Interpreting optimised machine learning models in the H2O API, in particular GBM, DNN and RF, through XAI is critical to understanding the decision-making process of these models. XAI provides transparency and insight into the complex workings of these advanced models and makes them more interpretable for users and stakeholders (Talukdar et al. 2023b; Ahmed et al. 2023, 2024; Mia et al. 2023). To this end, the DALEX package in R is used, which provides a set of tools and methods to explain and understand the behaviour and predictions of machine learning models. Using the features of DALEX, we can analyse the models to gain a comprehensive understanding of how they work, to understand how different features influence the predictions, and to identify possible biases or inconsistencies.

Model diagnostic

Model diagnosis in XAI involves evaluating the performance and reliability of the optimised ML models. This is primarily done by residual analysis, which analyses the difference between the observed values and the predictions of the model (residuals). Residual analysis helps to identify patterns or anomalies in the predictions, such as systematic biases, overfitting or underfitting. By analysing these residuals, we gain insights into the accuracy of the model in different data segments and can diagnose problems that could affect the performance of the model. This diagnostic process is important to validate the effectiveness of the model and ensure that it generalises well to new, unseen data.

Model parts

The ‘model parts’ aspect of XAI focuses on understanding the contribution of each feature to the model’s predictions. This is achieved through permutation-based feature importance, a technique that assesses the impact of reshuffling each feature on the accuracy of the model.
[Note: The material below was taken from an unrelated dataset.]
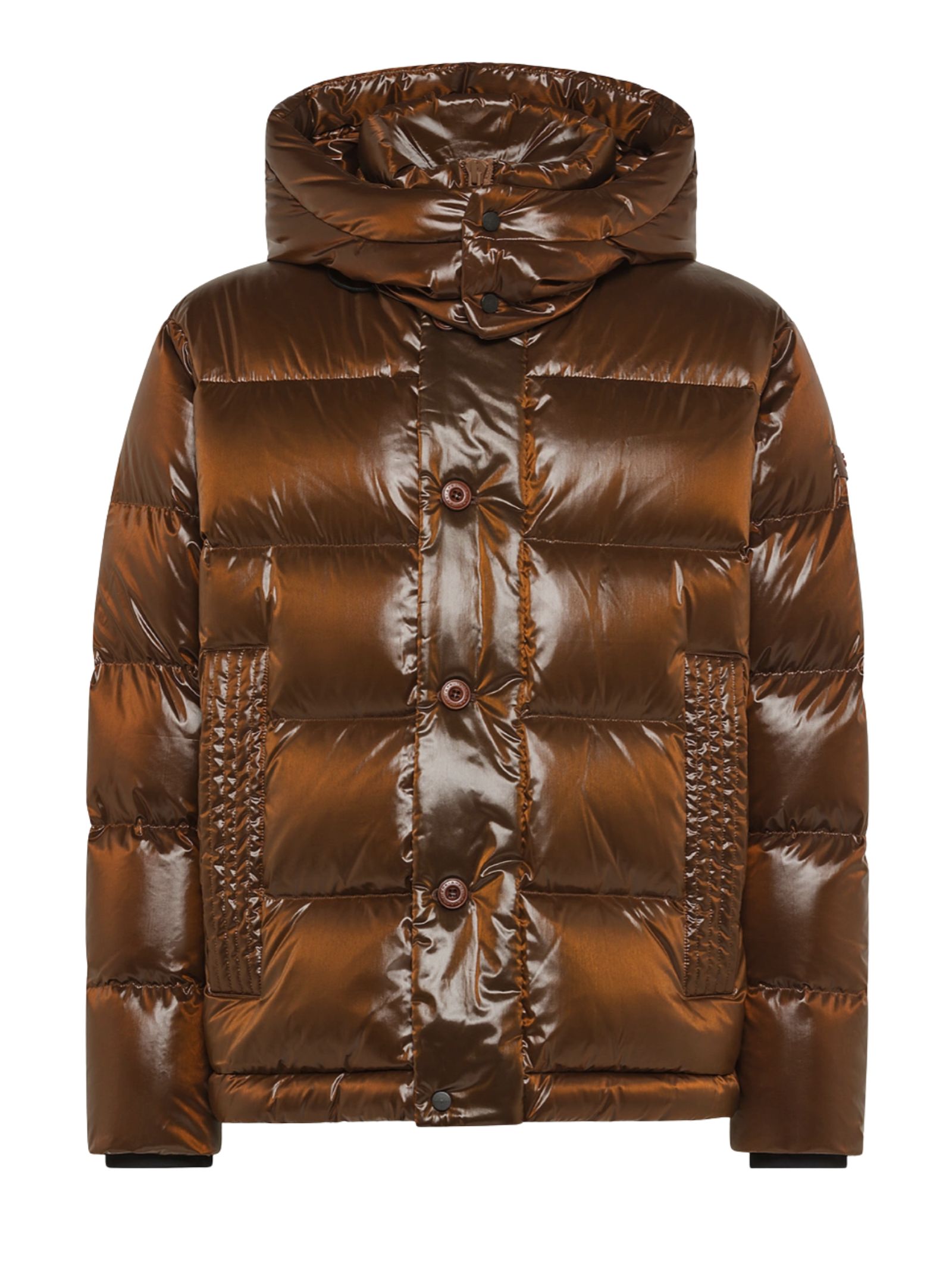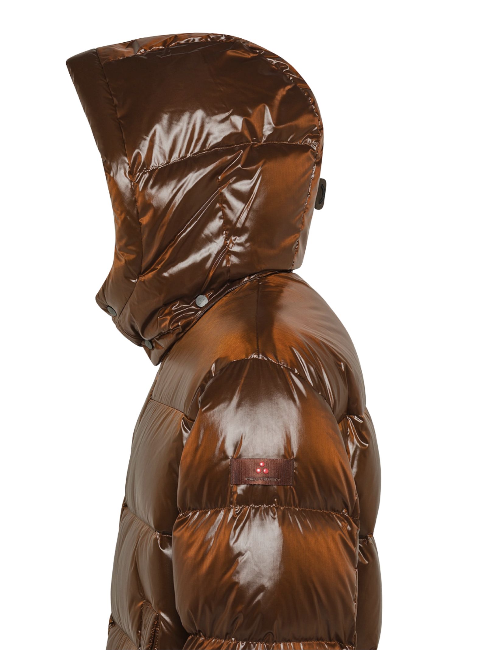 Piumino Peuterey in tela di nylon con una speciale tintura a bassa energia e un finissaggio cinzato che donano al tessuto un look lucido e cangiante, al tatto morbido e confortevole. Limbottitura in piuma naturale garantisce calore e leggerezza. Il design include zip centrale coperta da patta con bottoni, tasche a filetto e ampio cappuccio fisso con bottoni. Collo in piedi per una protezione ottimale.

By randomly permuting the values of each feature and measuring the change in the model’s performance, we can determine the importance of each feature to the predictions. This method provides a ranking of the features based on their importance and helps to identify the most influential variables in the model and understand their role in the prediction process.

Model profile

Model profiling in XAI includes techniques such as Partial Dependence Plots (PDP), Accumulated Local Effects (ALE) and Individual Conditional Expectation (ICE) plots. These methods provide a deeper insight into the relationship between characteristics and the predicted outcome. PDPs show the average impact of a feature on the model’s predictions and allow us to identify patterns and trends in how feature values influence the outcome. ALE charts provide a similar view, but focus on the local effects of features and provide a more accurate representation in the presence of correlated features. ICE graphs, on the other hand, show how predictions for individual instances change as a feature is varied, providing a detailed insight into the behaviour of the model. Together, these profiling techniques provide a comprehensive picture of how different features and their interactions affect the model’s predictions, improving the interpretability of complex ML models.

Results

Assessment of water quality condition

Water quality was assessed by measuring physicochemical parameters such as TDS, conductivity, pH and concentrations of ions such as nitrates, sulphates, chlorides, iron and magnesium. The descriptive statistics show considerable variability. For example, the TDS value showed a high standard deviation of 479.47, which indicates a different mineral content of the samples (supplementary Section 1). The confidence intervals for pH (7.61–7.92) indicate consistent acidity, while wider intervals for TDS (583.89–822.59) and conductivity (1045.30–1397.61) reflect greater variability in these readings. Such discrepancies indicate different water sources and possible contaminants. Probability distribution plots further illustrate this variability: ammonia and nitrite levels are predominantly low, as indicated by right-skewed distributions, while broader distributions for TDS and conductivity indicate a range of dissolved concentrations (Supplementary Fig. 1). Parameters such as pH show narrow peaks, indicating uniformity in the samples, while flatter distributions for TDS and conductivity indicate greater variation. In terms of overall water quality impairment, parameters with a broad distribution are of particular concern, especially if they include ranges that exceed environmental or health standards. They may indicate the need for targeted water treatment procedures or further investigation of possible sources of pollution. The shape and distribution of these distributions can inform water quality management decisions, such as whether to focus on general treatment methods or specific pollutants.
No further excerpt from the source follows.